They are so huge / and stronge out of mesure
With many serpentes / soule and odyous
In sundry lykenesse / blacke and tydeus
But behonde them / a grate see there is
Beyonde whiche see / there is a goodly lande
Moost full of fruyte / replete with Ioye and blysse
Of ryght fyne golde / appereth all the sande
In this fayre realme / where the toure dothe stande
Made all of golde / enameled aboute
With noble storyes / whiche do appere without
In whiche dwelleth / by grete auctoryte
Of la bell pucell / whiche is so fayre and bryght
To whome in beaute / no pere I can se
For lyke as Phebus / aboue all sterres in lyght
Whan that he is / in his spere aryght
Dothe excede / wieh his beames clere
So dothe her beaute / aboue other appeere
She is bothe good / aye wyse and vertuous
And also dyscended / of a noble lyne
Ryche / comly / ryght meke / and bounteous
All maner vertues / in her clerely shyne
No vyce of her / maye ryght longe domyne
And I dame fame / in euery nacyon
Of her do make / the same relacyon
Her swete reporte / so my herte set on fyre
With brennynge loue / moost hote and feruent
That her to se / I hadde grete desyre
Sayenge to fame / o lady excellent
I haue determyned / in my Iugement
For la bell pucell / the most fayre lady
To passe the waye / of so grete Ieopardy
You shall quod fame / atayne the vyctory
Yf you wyll do / as I shall to you saye
And all my lesson / retayne in memory
To the toure of doctryne / ye shall take your waye
You are now within / a dayes Iourneye
Bothe these grehounde / shall kepe you company
Loke that you cherysshe them full gentely
Ind countenaunce / the goodly portres
Shall let you in / full well and nobly
And also shewe you / of the parfytenes
Of all the seuen scyences / ryght notably
There in your mynde / you maye ententyfly
Vnto dame doctryne / gyue parfyte audyence
Whiche shall enfourme you / in euery scyence
Fare well she sayde / I maye not now abyde
Walke on your waye / with all your hole delyght
To the toure of doctryne / at this morow tyde
Ye shall to morowe / of it haue a syght
Kepe on your waye / now before you ryght
For I must hens / to specyfy the dedes
Of theyr wortynesse / accordynge to theyr medes
And with that she dyde / fro me departe
Vpon her stede / swyfter than the wynde
Whan she was gone / full wofull was my herte
With inwarde trouble / oppressed was my mynde
Yet were the grehoundes / lefte with me behynde
Whiche dyde me comforte / in my grete vyage
To the toure of doctryne / with theyr fawn&ybar;ge courage
So forthe I went / tossynge on my brayne
Gretely musynge / ouer hyll and vale
The waye was troublous / and ey nothynge playne
Tyll at the laste / I came to a dale
Beholdynge Phebus / declynynge lowe and pale
With my grehoundes / in the fayre twy lyght
I sate me downe / for to rest me all nyght
Slouthe vpon me / so fast began to crepe
That of fyne force / I downe me layde
Vpon an hyll / with my greyhoundes to slepe
Whan I was downe / I thought me well apayde
And to my selfe / these wordes than I sayde
Who wyll attayne / soone to his Iournays ende
To nourysshe slouthe / he may not condyscende

Now fame departed frome graunde amoure and lefte with hym gouernaunce and grace / and howe he wente to the toure of doctryne. Ca. .iii.

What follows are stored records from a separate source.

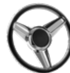
Steuerrad mit italienischem Leder (S)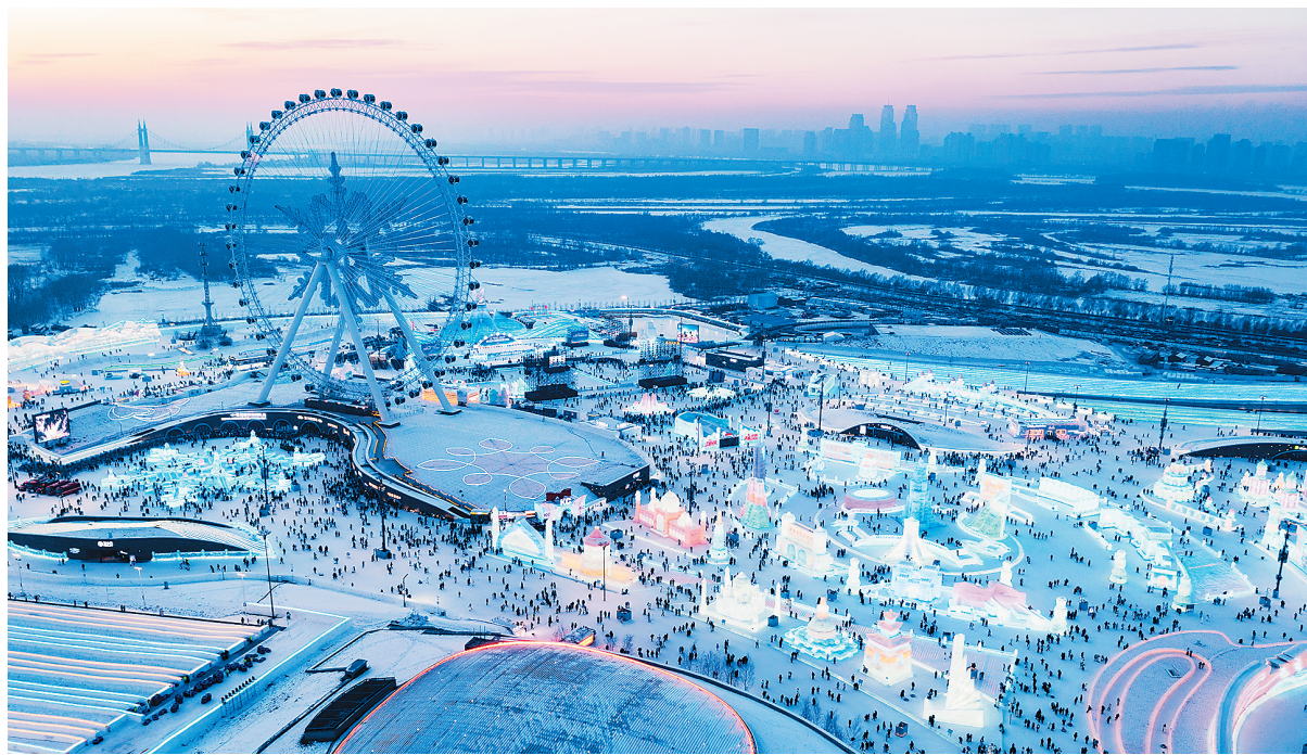
游客在哈尔滨冰雪大世界园区游玩(无人机照片)。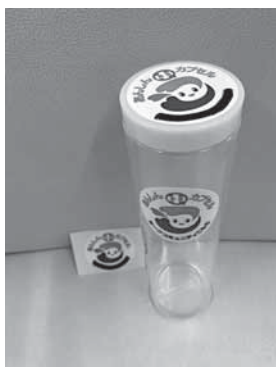
冷蔵庫で保管する「安心カプセル」

保育料は年間7千500万円を負担いただいております。現状では難しいが、国・県へ無償化に向けて働きかけをしていく。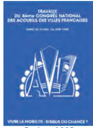
Paris - 1985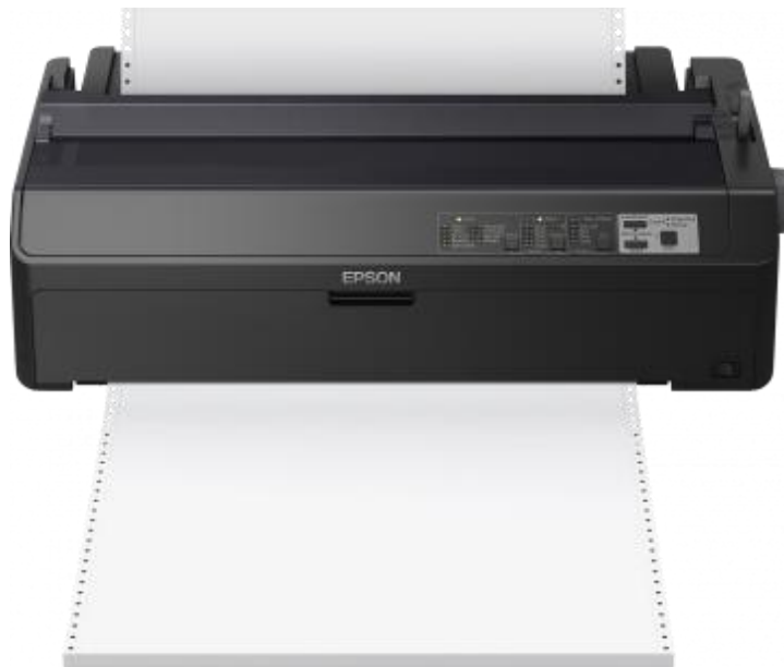
Slika 1 - Matrični pisač Epson LQ-2090II SERIES [5]

Thus than I slepte / tyll y&supert; Auroras beames
Gan for to sprede / aboute the fyrmament
And y&supere; clere sonne / with his golden streames
Began for to ryse / fayre in the oryent
Without Saturnus / blacke encombrement
And the lytell byrdes / makynge melodye
Dyde me awake / with theyr swete armonye
I loked aboute / and sawe a craggy roche
Ferre in the west / nere to the element
And as I dyde than / vnto it approche
Vpon the toppe / I sawe refulgent
The ryall toure / of morall document
Made of fyne coper / with turrettes fayre and hye
Whiche agaynst Phebus / shone so meruaylously
That for the veray perfyte bryghtnes
What of the toure / and of the clere sonne
I coude nothynge / beholde the goodlynes
Of that palays / where as doctryne dyde wonne
Tyll at the last / with mysty wyndes donne
The radyant bryghtnes / of golden Phebus
Auster gan couer / with cloudes tenebrus
Than to the toure / I drewe nere and nere
And often mused / of the grete hyghnes
Of the craggy rocke / whiche quadrant dyde appere
But the fayre toure / so moche of rychesse
Was all about / sexangled doubtles
Gargeylde with grehoundes / & with many lyons
Made of fyne golde / with dyuers sundry dragons
The lytell turrets / with ymages of golde
Aboute was set / wiche with the wynde aye moued
With propre vyces / that I dyde well beholde
Aboute the toures / in sondry wyse they houed
With goodly pypes / in theyr mouthes Ituned
That with the wynde / they pyped a daunce
Yclyped amour de la hault pleasaunce

Now he was lette in by Countenannce the porteres and of the meruaylous buyldynge of the same toure. Capitulo. iiii.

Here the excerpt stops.